Friday 26 May 2017

Exclusive: Teens accused of stealing chocolate from Dublin shops threaten to sue store owners for defamation

*Claim they have been humiliated after being refused service
*Give shop owners seven days to respond
*Claim they should be compensated

Stock picture
Stock picture
Amy Molloy

Amy Molloy

A number of teenagers who have been accused of stealing from shops in Dublin city centre have issued solicitors letters to shop owners threatening to sue for defamation.

In one of the letters, obtained exclusively by Independent.ie, the teenager claims the shop owner accused him of previously stealing from the shop and refused to serve him.

He also claims he was called a “scumbag” and a “p**ck”.

The shop owner has denied these allegations and states he has CCTV footage to prove otherwise.

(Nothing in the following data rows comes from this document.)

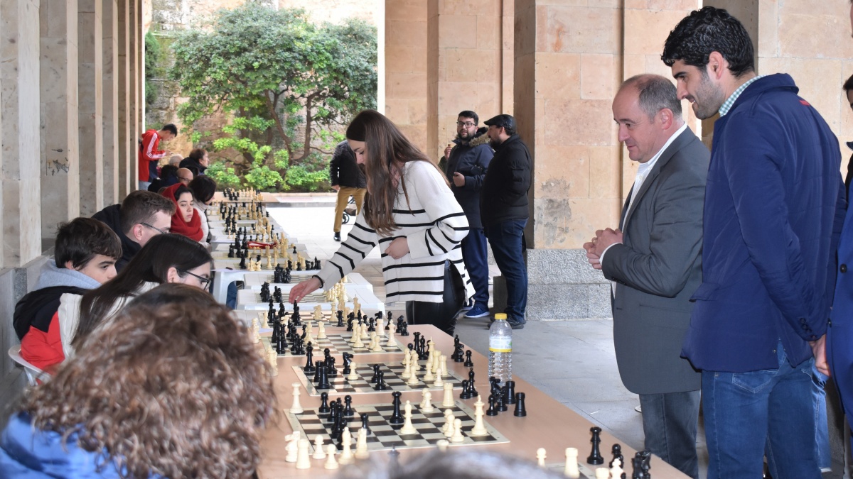 Los soportales del Ayuntamiento de Albacete se han convertido en el escenario de una simultánea de ajedrez ofrecida por la Maestra de la Federación Internacional de Ajedrez y Campeona de España de Blitz 2022, Rebeca Jiménez, a quien el alcalde de Albacete, Emilio Sáez, ha podido felicitar por el título obtenido este verano. Sáez Cruz ha valorado este tipo de iniciativas que además de potenciar la práctica de este deporte, contribuyen a visibilizar también la figura de la mujer dentro del Ajedrez.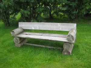 Själv har jag en dröm om vad jag skulle vilja ha för möbler i trädgården. Tänk att få sitta på den här gedigna bänken och titta ut över vår halvvilda trädgård. Den är bara så härligt gedigen och snygg. Dessvärre vet jag ingen som vill göra någon åt mig.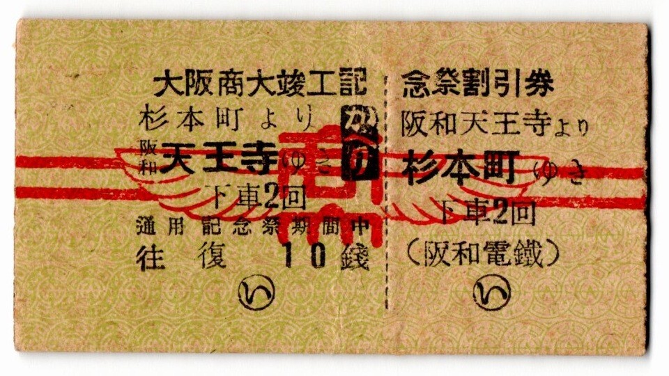 戦前 A型券 阪和電鐡 大阪商大竣工記念祭割引券 阪和天王寺より杉本町ゆき 往復 10銭 阪和天王寺驛發行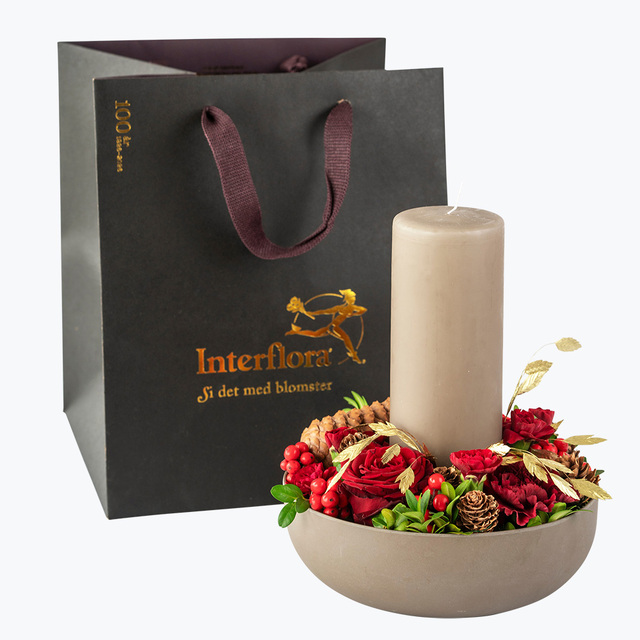 Vakker dekorasjon med lys som stråler julestemning. Enkelt å motta siden den kan settes rett på bordet.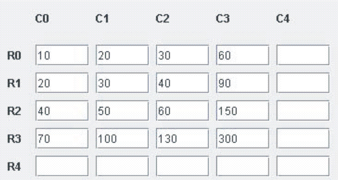 A spreadsheet is a rectangular array of cells. Each cell is either empty or contains either a value (an integer number) or a formula.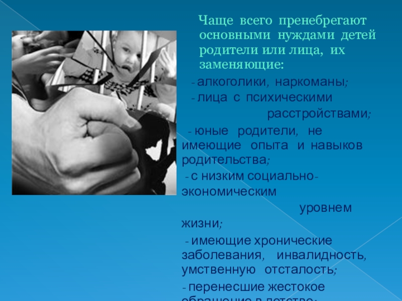 Слайд 7 Чаще всего пренебрегают основными нуждами детей родители или
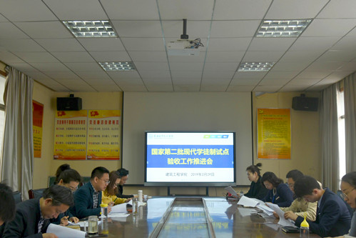 3月29日上午,建筑工程学院组织召开国家第二批现代学徒制试点验收工作推进会。项目组全体成员参加会议。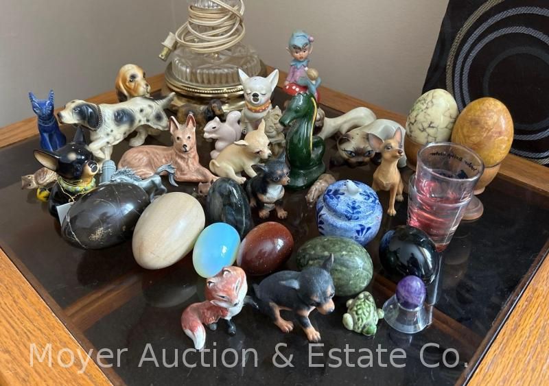 Group of Small Figurines Incl. Dogs, Marble Eggs, Cat Salt & Pepper, Etc., 1"-4"h

He did refuse to serve the teenager as he claims he has previously stolen chocolate bars from the shop.

The letter then outlines how the teenager intends to sue for defamation unless he receives proposals for compensation within seven days – due to being subjected to “defamation, embarrassment and humiliation”.

The solicitor states that the shop owner’s actions, by way of inferential meaning and innuendo, implied that their client had committed a criminal offence.

It also stated that he has suffered “hurt, distress, anxiety and has been held to ridicule and contempt of right minded thinking members of society”.

According to one shop owner, other shops in the Parnell Street area have received a similar letter from the same firm.

Irish law allows a person to sue for defamation in a shop.

A number of cases have appeared before the courts in previous years concerning shop defamation.

Three sisters were each awarded €2,500 for being defamed in a shop in Blanchardstown.

They had been pram shopping in Mamas and Papas at the time.

All three sisters told the Circuit Civil Court that a man who was not an employee of the store and who was carrying a baby in his arms, had shouted at them like he was crazy and told them to “put the pram down and get out”.